Human Umbilical Cord Mesenchymal Stem-Cell Therapy to Increase the Density of Osteoporotic Mandibular Bone

Nike Hendrijantini; Poedjo Hartono; Muhammad Dimas Aditya Ari; Fedik Abdul Rantan

doi:10.1055/s-0039-1688527

European Journal of Dentistry, Inhaltsverzeichnis

CC BY-NC-ND 4.0 · Eur J Dent 2019; 13(01): 058-063
DOI: 10.1055/s-0039-1688527

Original Article

Dental Investigation Society

Human Umbilical Cord Mesenchymal Stem-Cell Therapy to Increase the Density of Osteoporotic Mandibular Bone

Nike Hendrijantini

¹Department of Prosthodontic, Faculty of Dental Medicine, Universitas Airlangga, Surabaya, Indonesia

,

Poedjo Hartono

²Department of Obstetrics and Gynecology, Faculty of Medicine, Universitas Airlangga, Surabaya, Indonesia

,

Muhammad Dimas Aditya Ari

¹Department of Prosthodontic, Faculty of Dental Medicine, Universitas Airlangga, Surabaya, Indonesia

,

Fedik Abdul Rantan

³Department of Microbiology and Virology, Faculty of Veterinary Medicine, Universitas Airlangga, Surabaya, Indonesia

› Institutsangaben

Abstract

Objective The aim of this study is to evaluate the feasibility of human umbilical cord mesenchymal stem-cell (hUCMSC) therapy in increasing osteoporotic mandibular bone density in a rat model by determining changes in alkaline phosphatase (ALP), osteocalcin, type 1 collagen, and trabecular bone area after treatment.

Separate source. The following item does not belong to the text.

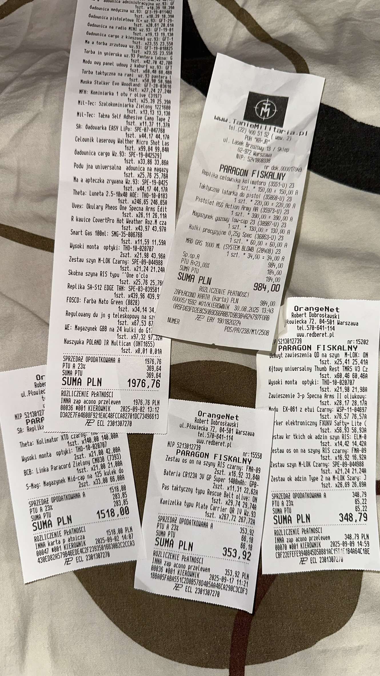 Sprzedam cały sprzet który jest nowy ponieważ nie dojechałem nigdy na strzelanke :) po za m4 do cqb, po krotce wymienie co wchodzi w jego skład: Wszystko oczywiście nowe, paragony są. zwykłe bądź elektroniczne dowody zakupu. Nigdy nie było na strzelance. Aby się zbędnie nie rozpisywać wszystko na ostatnich zdjęciach. a raczej mniejszość ponieważ dużo rzeczy kupowałem online Czego nie ma na paragonach a warto dopisać to np. 2 baterie lipo 1100 i 2200 11.1v i ładowarka. Magazynki do pistolów aap łącznie 4 sztuki, do mki cqb 3 sztuki, do mki dd 4 sztuki. Rękawiczek są 3 pary czarne M długie, czarne s bez palców, tan M długie. Okulary 2 pary. Dużo akcesoriów nie zostało wykorzystanych typu osłony szyny ris, dodatkowe ris na mlock, okładziny RIS, montaże skośne np. pod celownik laserowy czy mniejszą optykę. Dużo akcesoriów szpejowych również nie zostało" założonych na kamze czy umundurowanie takich jak ładownice mniejsze/większe, ładownice na magazynki czy też akcesoria typu granat błyskowy, smoke, odłamkowy( sprężynowe granaty), klamry, zapinki, naszywki itp. Pas taktyczny posiada apteczke, torbe zrzutowa, miejsce na 2 magazynki pistoletowe, torbe inżynierke, ładownice na granat odłamkowy/smoke, kolejną ładownicę wielofunkcyjną. Spokojnie sprzętu jak i wyposażenia jest na 2 graczy, w sumie 3 bo i snajpa w tym ghillie suit dla snajpera i kapelusz we wzór wz93 którego również nie widać na zdjęciach. AAp01 posiada latarke, kolimator nimrod red, laser, tracer, powiekszoną dzwignie przeładowania cnc, magwell cnc. AAp01c posiada kolimator. M4 DD posiada laser, ir, latarke w pq, latarke SF, kolimator, magnifajer, tracer i mnustwo akcesoriów CNC od magpul. M4 cqb posiada kolimator red dot na podwyższonym montażu, laser oraz latarke. Snajperka posiada doskonałą nie "najtańszą" lunetę ze wszelkimi regulacjami ręcznymi w czasie bitwy i podświetlanym krzyżem. Pasy taktyczne są 4 na wszystkie repliki w tym jeden dodatkowy 3 punktowy z możliwością szybkiego przepinania. Jest rownież kamerka nagrywająca w 1440p 60 fps z baterią wytrzymującą 1.5h. We wszystkich akcesoriach są nowe baterie jak i zapasowe w kilku sztukach. Posiadam wszystkie pudełka itd. Odbiór osobisty, Leszno Mazowieckie. Telefon do mnie: 573 323 120 Cena za całość 5.800 PLN Pisać, pytać, dzwonić.

Materials and Methods This research adopted an experimental posttest-only control group design. Thirty female Wistar rats were randomly divided into six groups, namely, a control group with rats postsham surgery (T1), osteoporotic model postovariectomy rats (T2), postovariectomy rats 4 weeks after gelatin injection (T3), postovariectomy rats 8 weeks after gelatin injection (T4), postovariectomy rats 4 weeks after hUCMSC injection (T5), and postovariectomy rats 8 weeks after hUCMSC injection (T6). The rats were all sacrificed for histological and immunohistochemical examinations of ALP, osteocalcin, type 1 collagen, and trabecular bone area.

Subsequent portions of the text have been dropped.